Anyway I have applied a Chi-squared test to this K-2 contingency, and as a result get a p_value = 6.3723954051318158e-126 . This is not so bad considering that applying this test to completely irrelevant data sets – the p value will be zero.

Using F-test as I know I will get the same result.

Another approach that comes to mind is applying a binomial test. I did it this way:

 stats.binom_test(1500, store.answered.sum(), 0.0233, alternative = 'two-sided')  
# 1500 observed amount, store.answered.sum() - sum over all observations, 0.0233 - expected frequency of that label 

P_value = 0.00023472778370252812. The result is better, because we don't want to reject null hypothesis. However here is another point, that we have to keep in mind:

One of the underlying assumptions is that all observations are drawn
independently from the same distribution. This will not hold if there
is correlation within a store or heterogeneity in the
probabilities/distribution. In those cases the variance assumption of
the multinomial/binomial/Poisson model would not hold and we get
either under or over dispersion

Generally I can make such an assumption, but I'm not sure.
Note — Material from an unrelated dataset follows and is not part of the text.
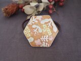 茶色の小さな土の玉を、手の中で六角形に作り上げた一点もののアクセサリーになります。

So my question is, how can we check that data distribution within these data sets are the same? My final goal is to check that the second smaller data set is not shifted (English term may be different) to the bigger original one.

Best Answer

Tests for equivalence test the null hypothesis that quantities are different by a threshold of relevance—the smallest value that researchers, or regulators in the case of, for example, the FDA, consider to be meaningful—and rejection of this null hypothesis is to conclude that the quantities are equivalent within the bounds of the relevance threshold.1

One form of equivalence tests is the two one-sided tests (TOST) approach, where (typically) two one-sided t or z tests are constructed around the relevance threshold in the upper and lower directions… rejecting both one-sided tests implies that the true value ought to be inferred to lying within the equivalence range. However, TOST, why relatively straightforward to compute, and widely used, ignores an accurate accounting of power to reject by ignoring the non-centrality parameters that come into play in their test statistics. By contrast uniformly most powerful (UMP) tests for equivalence account for such, and provide optimal statistical power to reject equivalence null hypotheses.

Chapter 9, section 9.2 of Welleck's Testing Statistical Hypotheses Of Equivalence And Noninferiority, Second Edition provides a uniformly most powerful test for equivalence for contingency table $\chi^{2}$ tests (or, test for 'collapsability' as the contingency table equivalence testing literature has it). The math for constructing the UMP contingency table test statistic is a tad hairy (by which I mean I haven't learned it yet :), but Welleck includes an R macro for the test and an example application.

Finally, I will note that only testing for difference, or only testing for equivalence implies—without explicit a priori power analysis and justification of minimum relevant effect size—committing to confirmation bias by privileging the direction of evidence/burden of proof. A savvy way to counter that commitment in a frequentist analytic context is to conduct both tests for relevance and tests for equivalence, and draw conclusions accordingly (see the [tost] tag info page for more details on this point).

1 Relevance thresholds can be asymmetric: closer to 'no difference' in one direction than the other.